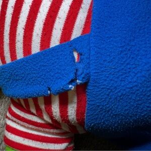 See pictures. Tags are a little worn. The back strap has some tearing.
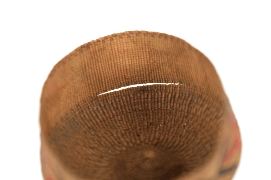 Featured in this lot is this hand woven polychrome basket from Tlingit Chilkat Tribal weavers circa 1930's. The basket features a wonderfully and professionally crafted spruce root and bear grass construction that shows a beautifully decorated polychrome design of geometric patterns along the side walling of the basket. The condition of this basket is fair with a single fissure in the weave close to the base of the basket but otherwise shows fair overall condition. The measurements of this basket is 2" x 5 1/4" x 4".
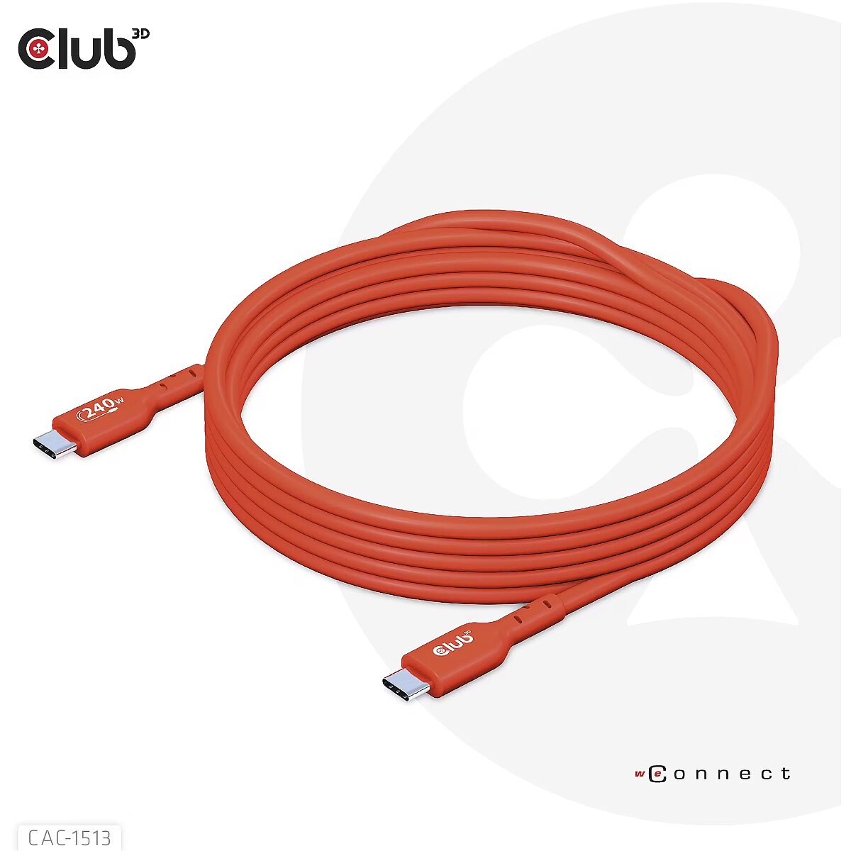 LongSummaryDescription - CLUB3D USB2 Type-C Bi-Directional USB-IF Certified Cable Data 480Mb, PD 240W(48V/5A) EPR M/M 3m / 9.84 ft. Cable length: 3 m. Connector 1: USB C, Connector 2: USB C, USB version: USB 2.0, Product colour: Orange
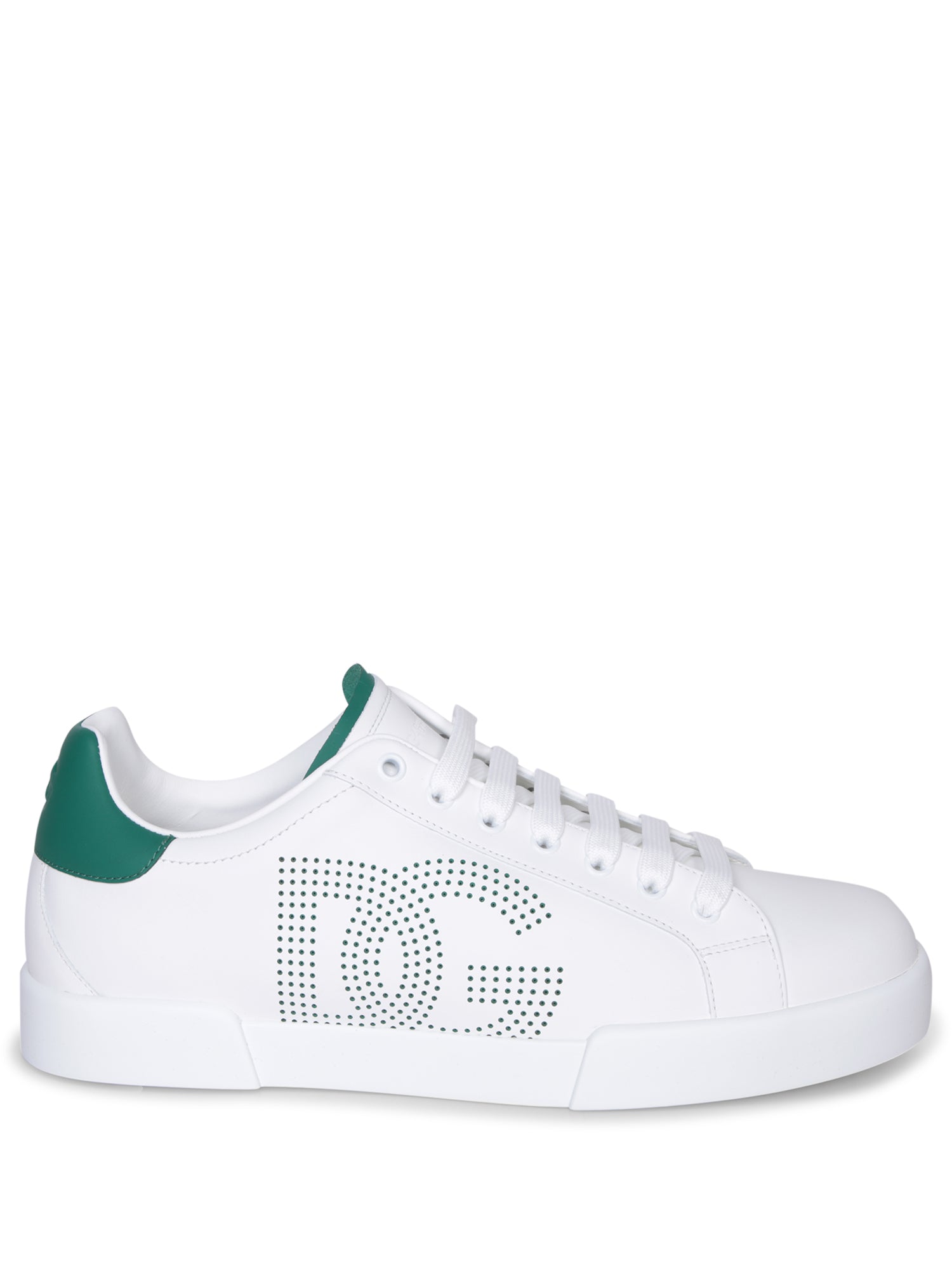 Smooth leather sneakers. Contrasting DG logo. Green details on the back.
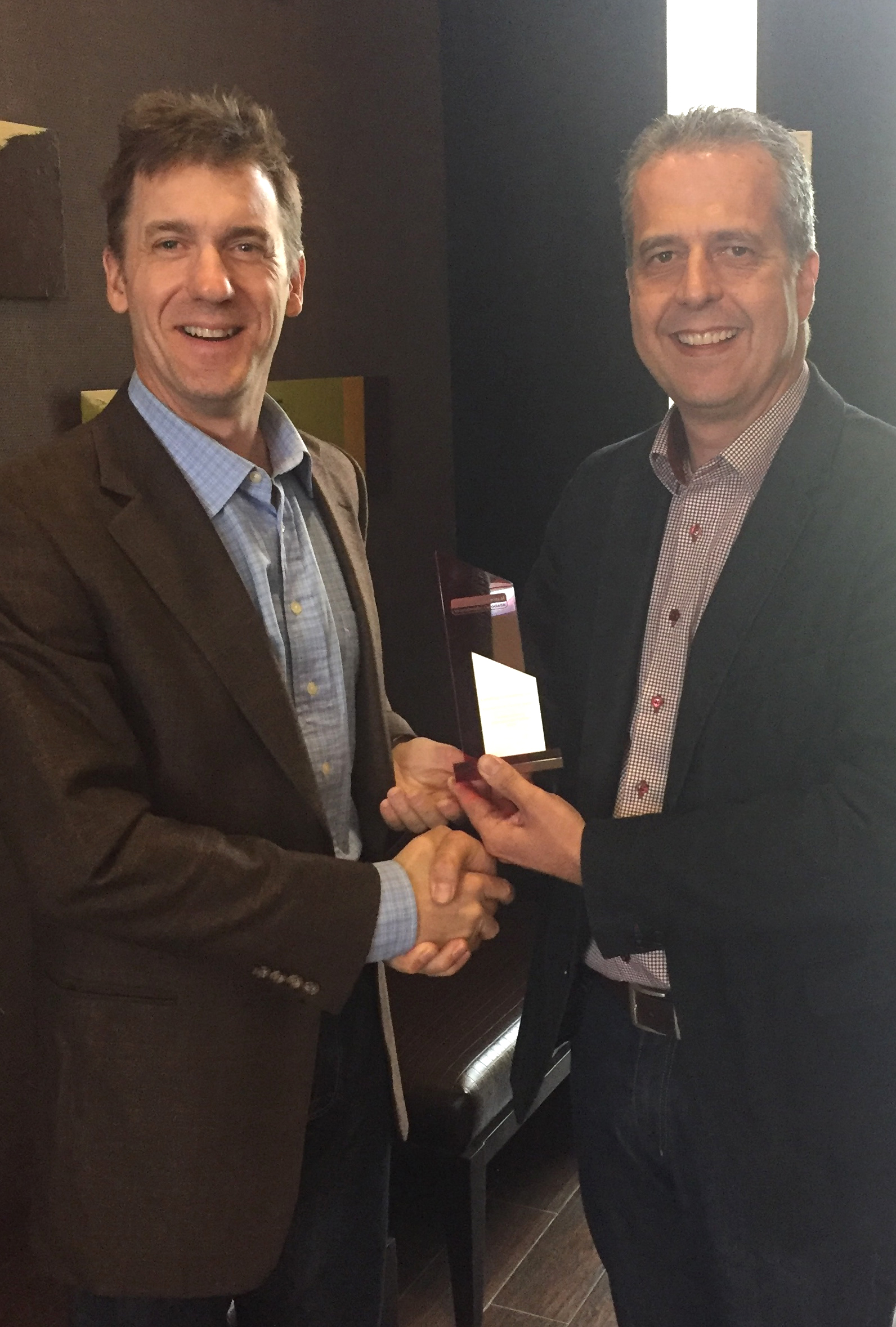 Fastest growing International Partner 2015 - Photo (from left to right): Jim Anderson (LeadDog Founder), Ray Roberts-York (Managing Director, MB-International)
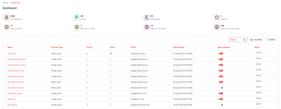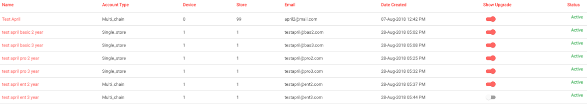 Device, Store, Email, Date Created, Show Upgrade and Status.
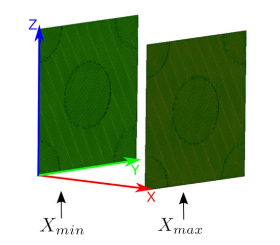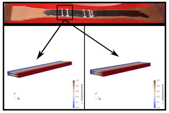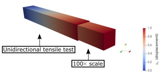 - We performed a uniaxial tensile test simulation on a simple bar with the multiscale homogenized stiffness matrix as an input parameter. In this way, we checked and validated the proposed homogenization system. By comparing the simulation, its 100× scale (see Figure 25), and the laboratory experiments (see Figure 13), we observed that similar elongation and contraction profiles of the manufactured specimens occurred in the simulations (elongation in the x axis and transverse contractions along the y and z axes, Figure 25).
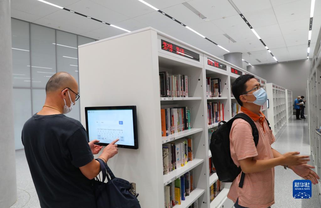 9月28日,讀者在智能書(shū)架區通過(guò)安放在書(shū)架上的電腦查詢(xún)書(shū)籍。
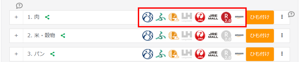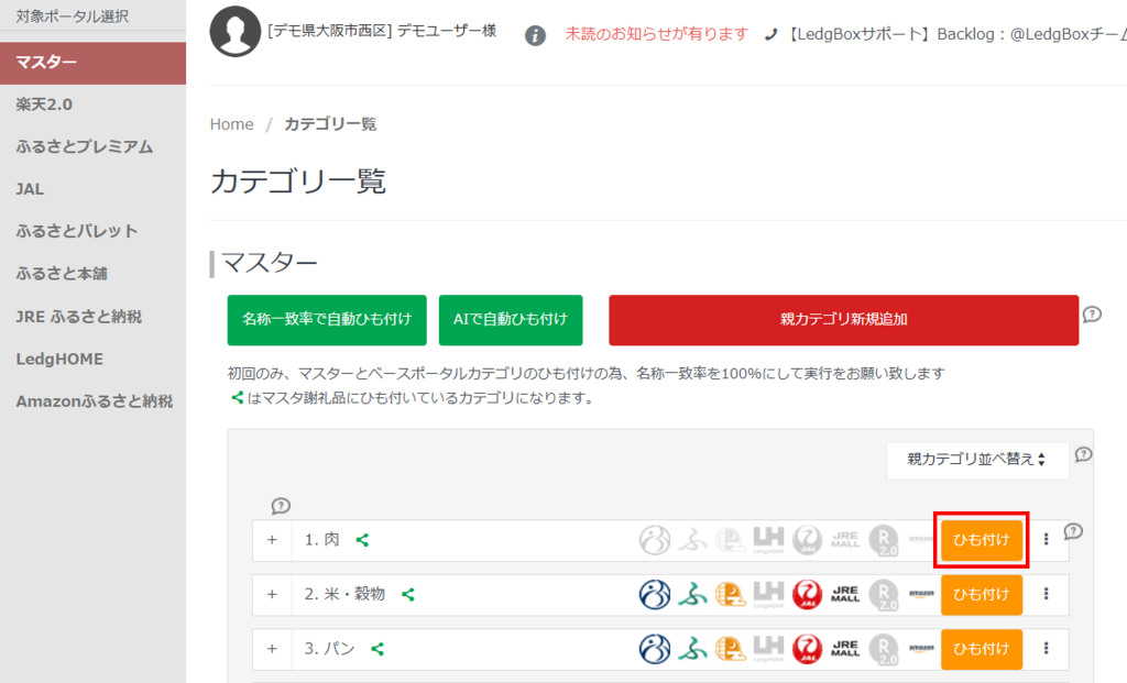 マスターカテゴリの一覧を開き、ひも付け対象のカテゴリの「ひも付け」をクリックします。
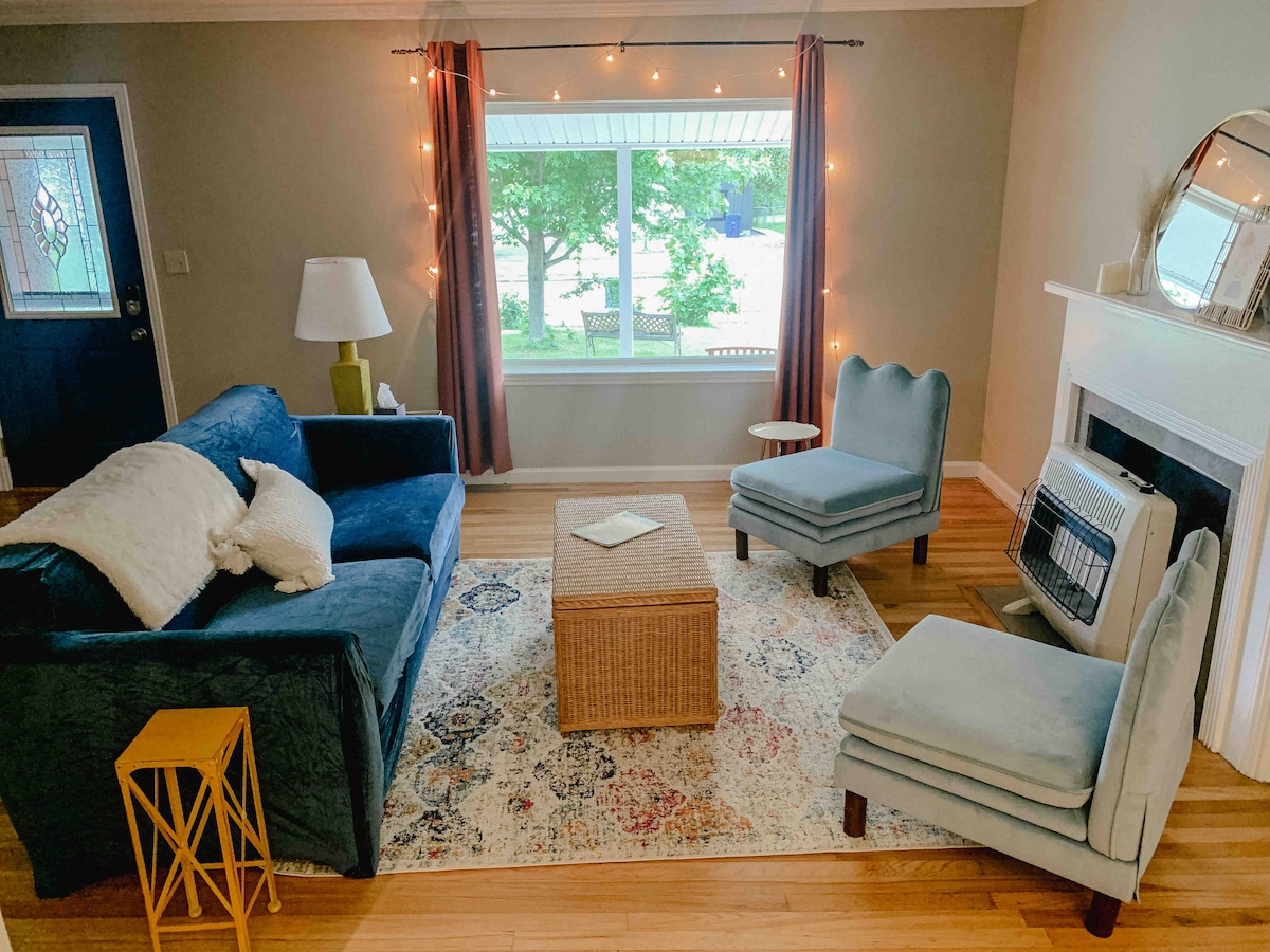 A few houses from Midtown’s pickle ball courts, you’ll find the Ivy Cottage. Charm and character are the highlight of this adorable property. The oversized sectional is the perfect place to cozy up and watch your favorite show on the Smart TV. Or serve dinner in the dining room with French doors that open to the patio. In the back you’ll find a hot tub, smart TV, couch, dart board, wine fridge, cornhole, etc. Plush beds await when you’re ready to call it a night. *Fireplace is not working.
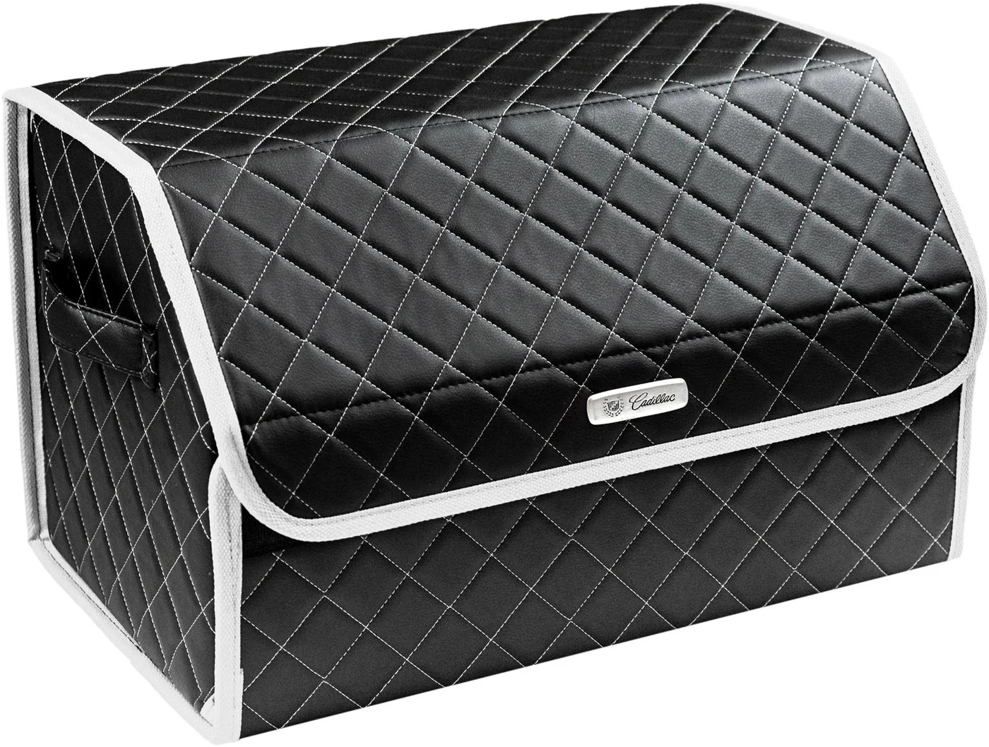 Special Offer Сумка-органайзер в багажник автомобиля из экокожи черная с серой нитью ViceCar (белый кант) с логотипом CADILLAC Discount [NEW!!] Today!
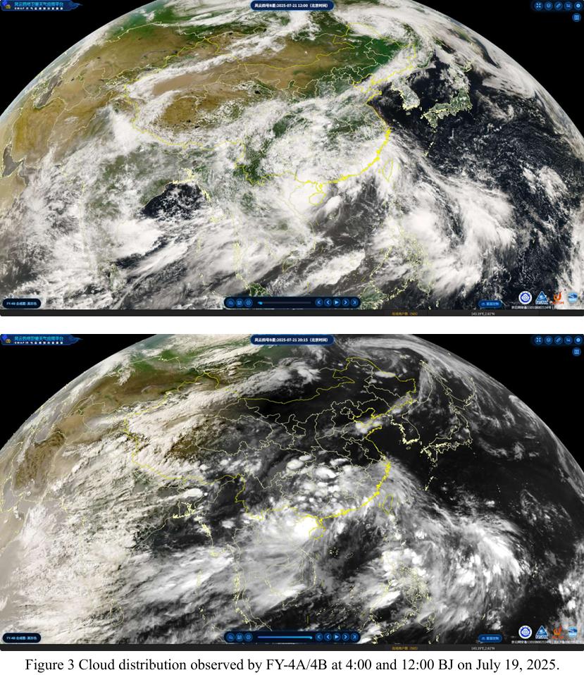 On July 21, 2025, the latest cloud imagery acquired by the FY-4B geostationary meteorological satellite (Fig. 3) indicates that at 04:00 UTC, parts of Pakistan experienced a brief period of clear skies. However, by 12:00 UTC, moisture-laden cloud bands had once again covered the entire country, indicating a highly unstable atmospheric structure with intense regional convection and a significantly increased risk of short-duration heavy rainfall. After 12:00 UTC and into the nighttime, there is a heightened risk of heavy rainfall events, which may lead to severe flood hazards.
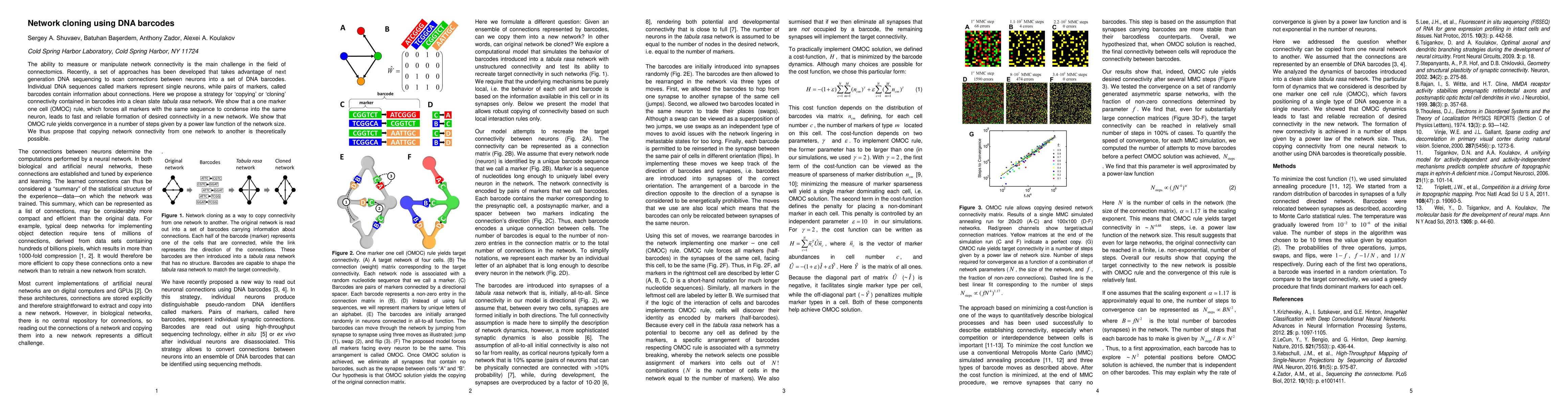 The ability to measure or manipulate network connectivity is the main challenge in the field of connectomics. Recently, a set of approaches has been developed that takes advantage of next generation DNA sequencing to scan connections between neurons into a set of DNA barcodes. Individual DNA sequences called markers represent single neurons, while pairs of markers, called barcodes contain information about connections. Here we propose a strategy for 'copying' or 'cloning' connectivity contained in barcodes into a clean slate tabula rasa network. We show that a one marker one cell (OMOC) rule, which forces all markers with the same sequence to condense into the same neuron, leads to fast and reliable formation of desired connectivity in a new network. We show that OMOC rule yields convergence in a number of steps given by a power law function of the network size. We thus propose that copying network connectivity from one network to another is theoretically possible.
- - - -
### What this task involves
For this step, transcribe all the material above exactly and drop the images.

### Answer to this problem
 See pictures. Tags are a little worn. The back strap has some tearing.
 Featured in this lot is this hand woven polychrome basket from Tlingit Chilkat Tribal weavers circa 1930's. The basket features a wonderfully and professionally crafted spruce root and bear grass construction that shows a beautifully decorated polychrome design of geometric patterns along the side walling of the basket. The condition of this basket is fair with a single fissure in the weave close to the base of the basket but otherwise shows fair overall condition. The measurements of this basket is 2" x 5 1/4" x 4".
 LongSummaryDescription - CLUB3D USB2 Type-C Bi-Directional USB-IF Certified Cable Data 480Mb, PD 240W(48V/5A) EPR M/M 3m / 9.84 ft. Cable length: 3 m. Connector 1: USB C, Connector 2: USB C, USB version: USB 2.0, Product colour: Orange
 Smooth leather sneakers. Contrasting DG logo. Green details on the back.
 Fastest growing International Partner 2015 - Photo (from left to right): Jim Anderson (LeadDog Founder), Ray Roberts-York (Managing Director, MB-International)
 Device, Store, Email, Date Created, Show Upgrade and Status.
 - We performed a uniaxial tensile test simulation on a simple bar with the multiscale homogenized stiffness matrix as an input parameter. In this way, we checked and validated the proposed homogenization system. By comparing the simulation, its 100× scale (see Figure 25), and the laboratory experiments (see Figure 13), we observed that similar elongation and contraction profiles of the manufactured specimens occurred in the simulations (elongation in the x axis and transverse contractions along the y and z axes, Figure 25).
 9月28日,讀者在智能書(shū)架區通過(guò)安放在書(shū)架上的電腦查詢(xún)書(shū)籍。
 マスターカテゴリの一覧を開き、ひも付け対象のカテゴリの「ひも付け」をクリックします。
 A few houses from Midtown’s pickle ball courts, you’ll find the Ivy Cottage. Charm and character are the highlight of this adorable property. The oversized sectional is the perfect place to cozy up and watch your favorite show on the Smart TV. Or serve dinner in the dining room with French doors that open to the patio. In the back you’ll find a hot tub, smart TV, couch, dart board, wine fridge, cornhole, etc. Plush beds await when you’re ready to call it a night. *Fireplace is not working.
 Special Offer Сумка-органайзер в багажник автомобиля из экокожи черная с серой нитью ViceCar (белый кант) с логотипом CADILLAC Discount [NEW!!] Today!
 On July 21, 2025, the latest cloud imagery acquired by the FY-4B geostationary meteorological satellite (Fig. 3) indicates that at 04:00 UTC, parts of Pakistan experienced a brief period of clear skies. However, by 12:00 UTC, moisture-laden cloud bands had once again covered the entire country, indicating a highly unstable atmospheric structure with intense regional convection and a significantly increased risk of short-duration heavy rainfall. After 12:00 UTC and into the nighttime, there is a heightened risk of heavy rainfall events, which may lead to severe flood hazards.
 The ability to measure or manipulate network connectivity is the main challenge in the field of connectomics. Recently, a set of approaches has been developed that takes advantage of next generation DNA sequencing to scan connections between neurons into a set of DNA barcodes. Individual DNA sequences called markers represent single neurons, while pairs of markers, called barcodes contain information about connections. Here we propose a strategy for 'copying' or 'cloning' connectivity contained in barcodes into a clean slate tabula rasa network. We show that a one marker one cell (OMOC) rule, which forces all markers with the same sequence to condense into the same neuron, leads to fast and reliable formation of desired connectivity in a new network. We show that OMOC rule yields convergence in a number of steps given by a power law function of the network size. We thus propose that copying network connectivity from one network to another is theoretically possible.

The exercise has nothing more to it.